Note 3. Estimated Annual Cost Savings
Howard expects to realize cost savings and may generate revenue enhancements from the First Mariner acquisition. Total estimated cost savings for First Mariner are estimated at 37% of non-interest expense, with 85% of these savings expected to occur for the year ended December 31, 2018. These cost savings and any potential revenue enhancements are not reflected in the pro forma combined condensed consolidated financial statements and there can be no assurance they will be achieved in the amount or manner currently contemplated.

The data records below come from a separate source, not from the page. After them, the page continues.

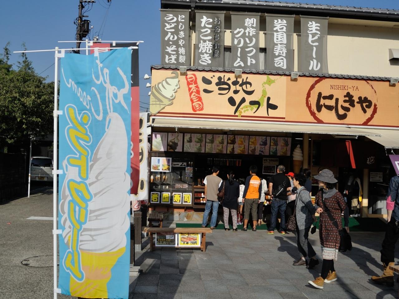 橋を渡って岩国城方面に向かうと、ソフトクリーム屋がありました。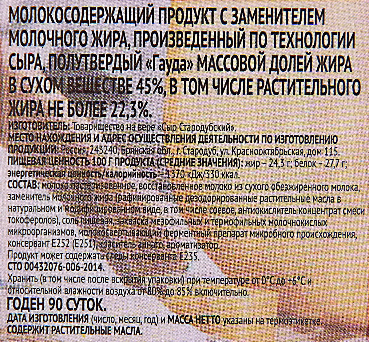 Продукт сырный Стародуб Гауда 45%, ~5.2кг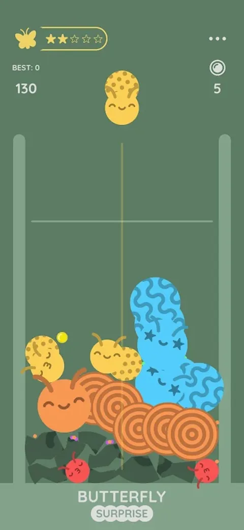 让五颜六色的毛毛虫落在彼此的上面。创造越来越大的毛毛虫,并获得稀有蝴蝶作为奖励。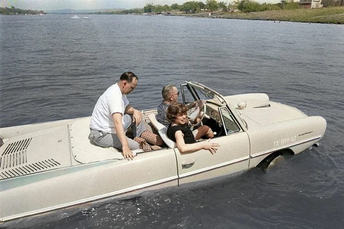 Линдон Джонсон — 36-й президент Соединённых Штатов Америки. Как в воде, так и на суше Амфикар управляется передними колесами, что делает его менее маневренным, чем обычную лодку.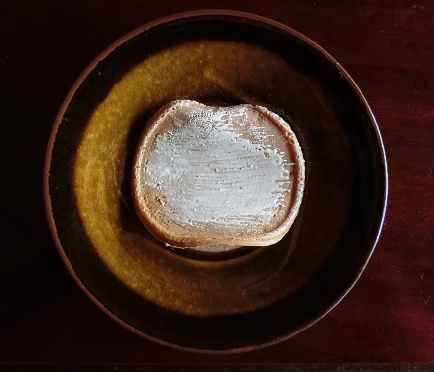乾燥させると、生姜蜜は白く浮かび上がります。城北たまだ屋で受け継がれたせんべいの情景は、日本海の荒波です。刷毛塗りされた生姜蜜は、白波を表現しています。

Note 4. Pro Forma Adjustments
(A)
Adjustment to reflect the conversion of First Mariner’s preferred stock into common stock immediately preceding the merger.
(B)
Adjustment of $9.2 million to cash consideration paid to First Mariner stock option holders and warrant holders, and the total anticipated after tax merger related costs borne by both Howard and First Mariner totaling $14.1 million.
(C)
A fair value discount of $14.5 million to reflect the fair values of loans based on current interest rates of similar loans and the credit risk of the loan portfolio. The adjustment will be substantially recognized over approximately 10 years using an amortization method based upon the expected life of the loans and is expected to increase pro forma pre-tax interest income by $2.6 million in the first year and $2.0 million for the first nine months following consummation of the merger.
(D)
Reversal of the First Mariner allowance for loan losses of $3.9 million in accordance with acquisition method of accounting for the merger.
(E)
Adjustment to record the core deposit intangible associated with the merger of $6.4 million, net of the elimination of the core deposit intangible of First Mariner. The fair value of this asset and the related amortization using an expected life of 7 years. The amortization of the core deposit intangible is expected to increase pro forma pre-tax noninterest expense by $702,000 in the first year and $595,000 for the first nine months following consummation of the merger.
(F)
An adjustment to reflect the resulting goodwill of $82.84 million created on the books of Howard as a result of this acquisition. As noted above, goodwill is created when the purchase price consideration exceeds the fair value of the assets acquired or a bargain purchase gain results when the current fair value of the assets acquired exceeds the purchase price consideration.
(G)
A fair value discount of $800,000 to reflect the fair value of Other Real Estate Owned (OREO) held by First Mariner.
(H)
An adjustment to reflect the estimated amount of Deferred Tax Assets (“DTA’s”) generated in the merger. First Mariner DTA’s were reduced by a valuation allowance given the uncertainty of their ability to utilize cumulative net operating losses to offset future taxable earnings. It is anticipated that as a result of the merger, the DTA’s of the combined organization will not require a valuation allowance, resulting in a higher level of DTA’s for the pro forma combined organization.
(I)
A fair value discount of $797,000 to reflect the fair values of certain interest-bearing deposits based on current interest rates for similar instruments. The adjustment will be recognized using an amortization method based upon the estimated maturities of the deposit liabilities. This adjustment is expected to decrease pro forma pre-tax interest expense by $266,000 in the first year and $199,000 for the first nine months following consummation of the merger.
(J)
A fair value premium of $58,000 to reflect the fair values of long-term borrowings based on current interest rates for similar instruments. The adjustment will be recognized using an amortization method based upon the estimated maturities of the borrowings. This adjustment is expected to increase pro forma pre-tax interest expense by $19,000 in the first year and $15,000 for the first nine months following consummation of the merger.
(K)
An adjustment to establish a litigation reserve resulting from unsettled mortgage banking lawsuits that have been filed against First Mariner.